Why is it so hard for parents to treat their teens drug addiction?

The Difficult Task of Talking to Your Teen About Drug Use

Dealing with a child who may be using drugs can be a very difficult and frightening experience for parents. Realizing that your child may have a drug addiction problem can produce a lot of anxiety. It is not uncommon for parents to fail to recognize the tell tale signs that their child is using drugs. Additionally, parents often deny there is a potential drug problem for their child, even when they see signs that their child may be using drugs on a regular basis. There are various reasons why parents may find it difficult to get treatment for their drug addicted teen. Here are some possible contributors that can lead parents to avoid seeking intervention for a teen’s drug problem.

Lack of Awareness of the Signs

It is true that parents don’t always recognize the signs of drug use in their teens. Sometimes poor attitude, oppositional behavior, lack of motivation and withdrawal from family activities are passed off as typical teen behavior, when in fact, these can be signs of a drug addiction problem. Parents should be watchful for these and other signs including red, bloodshot eyes, irregular sleep patterns, academic decline, poor hygiene, and associating with a different peer group.

Denial

Let’s face it, no one wants to believe their child has an issue with drug addiction. It can seem easier for parents to act as if nothing is wrong for fear of finding out the truth and having to admit there is a problem. Recognizing and admitting there is a problem brings it to the forefront where it must be dealt with. This along with the embarrassment and social stigma which a drug addiction problem can create, usually make parents feel like they have failed in their parenting roles.

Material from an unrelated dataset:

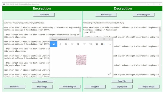 - Size of encrypted image (EI size): The decryption process depends mainly on the size of the encrypted image received by the recipient through the size of the image, and after several calculations are made on the image, the encrypted text is extracted based on the following equations:where Equation (1) is to find the size of image encryption and Equation (2) is for the text size that is proportional to the dimensions of the image encryption.

Problems with Confrontation

Depending upon the addicted teen, there can be concern for opposition and even aggressive behavior toward the parents and/or other family members if the drug addiction issue is addressed. Parents can become uncomfortable and even feel frightened or threatened by their teen. Because of this potentially volatile situation, parents may refrain from discussing their concerns with their teen for fear of making the family situation worse.

Suffering from their own addiction

Sometimes teens that use drugs mimic drug addiction patterns of their parents. In this situation of “do as I say, not as I do”, teens are missing essential role models who are important in helping them effectively address and change their addictive behaviors. Addicted parents in many cases are emotionally unavailable to facilitate change and are generally unable to help their children as they are struggling with their own difficulties.

Parents who have dealt with teen drug addiction know how easy it can be to make excuses for the child and to deny there is a problem. Knowing when to seek professional help is of the utmost importance. It can be extremely difficult for parents to practice tough love in this instance, but that is exactly what addicted teens need. Parents must be loving and firm at the same time while communicating with their teen about the need to seek evaluation and treatment as necessary. Dealing with difficult situations like drug addiction can be one of the toughest parts of parenting, but being there to provide structure along with unconditional love and support for addicted teens is an important part of their recovery.